On Thu, 21 Oct 2021, Laine Stump wrote:
Starting with commit 58ba0f6a3d7342fba29edbbf2bb9cb5497c870e5,
support
for overriding the default hotplug method for a guest using the
<acpi-bridge-hotplug> subelement of <features>/<pci> was added to
libvirt. This uses the QEMU global commandline switch:
ICH9-LPC.acpi-pci-hotplug-with-bridge-support=<off|on>
that was added to QEMU in qemu-6.1 (along with QEMU switching the
default hotplug type for new Q35-based machinetypes from "native PCIe"
to "ACPI").
Unfortunately, soon after we pushed the <acpi-bridge-hotplug> patches
to libvirt (2 days after, to be exact), during a regular weekly
meeting I attend with some of the QEMU developers, along with bugs
that had been found in ACPI hotplug since it was made the default,
they were also discussing issues they'd found with the implementation
of the QEMU commandline switch to change back to native PCIe hotplug.
Just to be clear, this mess is for q35 side of that QEMU flag
(acpi-pci-hotplug-with-bridge-support) only, not i440fx
side. My libvirt patch implemented support in libvirt for both i440fx
side as well as the q35 side. The i440fx flag has existed for a very long
time in QEMU and hence it seems it is stable as there has been no known
issues around it reported (there was one issue I found in QEMU last year
which I since fixed). That being said, up until now there has been no
motivation from the upstream community to implement an equivalent switch in
libvirt for only i440fx. Clearly few people really care about that QEMU flag
on i440fx side and those who do can use the libvirt bypass mechanism to
pass the QEMU commandline directly. The main motiovation for my libvirt
work also was to allow users control/flip ACPI based hotplug on the q35 side
for pcie-root-ports in a libvirt friendly manner. i440fx side came along
the way for a free ride.
Apparently the current method used by
acpi-pci-hotplug-with-bridge-support is causing "confusion" in guests,
so they were talking about the possibility of changing what the switch
does (or replacing it), and suggested that libvirt should "hold off"

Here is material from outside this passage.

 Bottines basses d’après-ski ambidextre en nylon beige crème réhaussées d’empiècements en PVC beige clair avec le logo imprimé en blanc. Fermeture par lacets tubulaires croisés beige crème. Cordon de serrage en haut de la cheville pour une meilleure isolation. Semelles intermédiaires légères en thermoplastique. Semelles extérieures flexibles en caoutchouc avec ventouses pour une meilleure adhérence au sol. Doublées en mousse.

on supporting it for now. (oops) (they didn't know that we had just
pushed Ani's patches that used it)
Since the current QEMU option is doomed to either changed behavior
(which would result in a guest-visible ABI change) or full deprecation
and replacement, it would be better for libvirt to not use it at all,
and re-implement based on whatever replacement QEMU comes up
with.
Once a new XML element has appeared in a libvirt upstream
release, we are committed to keeping it there "forever". However,
since there has not yet been an upstream release since
<acpi-bridge-hotplug> was added, there is still time to revert and
avoid the endless support/maintenance burden.

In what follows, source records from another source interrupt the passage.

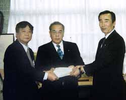 野中園部町長に請願書を手渡す 李民団丹波支部支団長(右)と 姜総連口丹支部委員長(左) |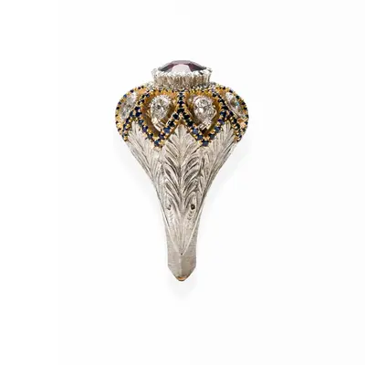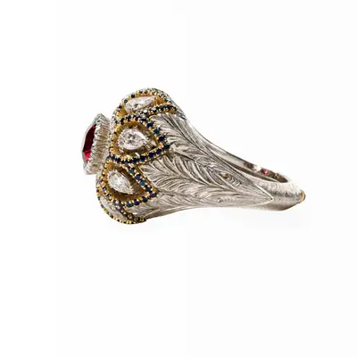 Anello in oro bianco e giallo 18 carati. Spinello rosso centrale taglio ovale 2,21 carati in castone modellato in oro bianco. Cupola traforata a goccia con griffe in oro giallo con 1,20 carati di zaffiri incastonati e diamanti taglio goccia per 1,09 carati in ponticelli sospesi. Corpo inciso a mano con motivo a tre foglie.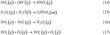| Gases de nitrogênio reativo como precursores do aerossol atmosférico: reações de formação, processos de crescimento e implicações ambientais Reactive nitrogen gases as precursors of atmospheric aerosol: formation reactions, growth processes and environmental implications |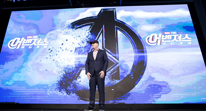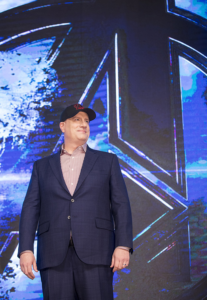 케빈 파이기 마블 스튜디오 대표가 15일 오전 서울 종로구 포시즌스호텔에서 열린 영화 '어벤져스: 엔드게임' 내한 기자간담회에서 포즈를 취하고 있다.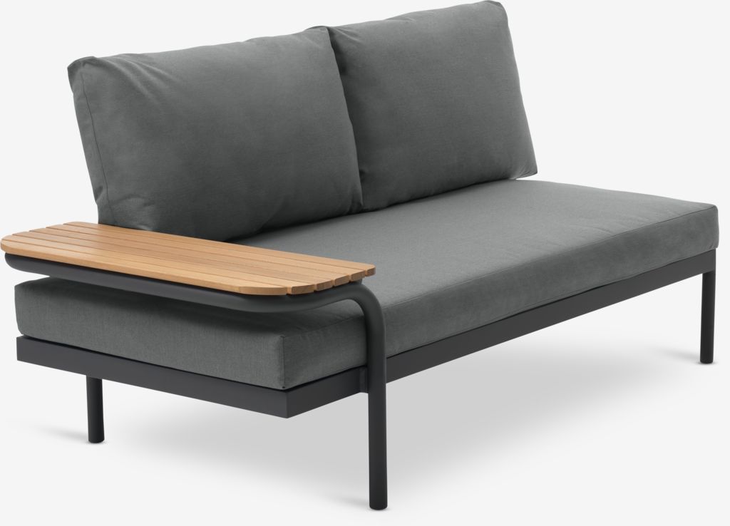 Κρεβάτι-καναπές από αλουμίνιο και λακαρισμένο FSC® σκληρό ξύλο. Περιλ. πολυτελή μαξιλάρια με ανθεκτικό κάλυμμα δομής υφαντού. Οι κινητές πλάτες σας επιτρέπουν να τοποθετήσετε τα μαξιλάρια της πλάτης όπως επιθυμείτε. Π181 x Υ71 x Β87 cm

Not much time though! And that is the purpose of this patch
series. They revert, in reverse order, Ani's 4 original patches adding
the feature, along with Peter's 6 followup patches that correct a
logic error and streamline/beef up the unit tests.
(Note that it is still possible that QEMU would figure out a way out
of this without modifying their current flag in any significant way,
and in that case we could always "re-apply" the original
patches. However, if we don't revert before the next release (Andrea
has pointed out the freeze for RC1 is next Tuesday, and it would be
best to have it done before then), we will no longer have the option
to remove it.)
There was some conflict resolution necessary after the "git revert"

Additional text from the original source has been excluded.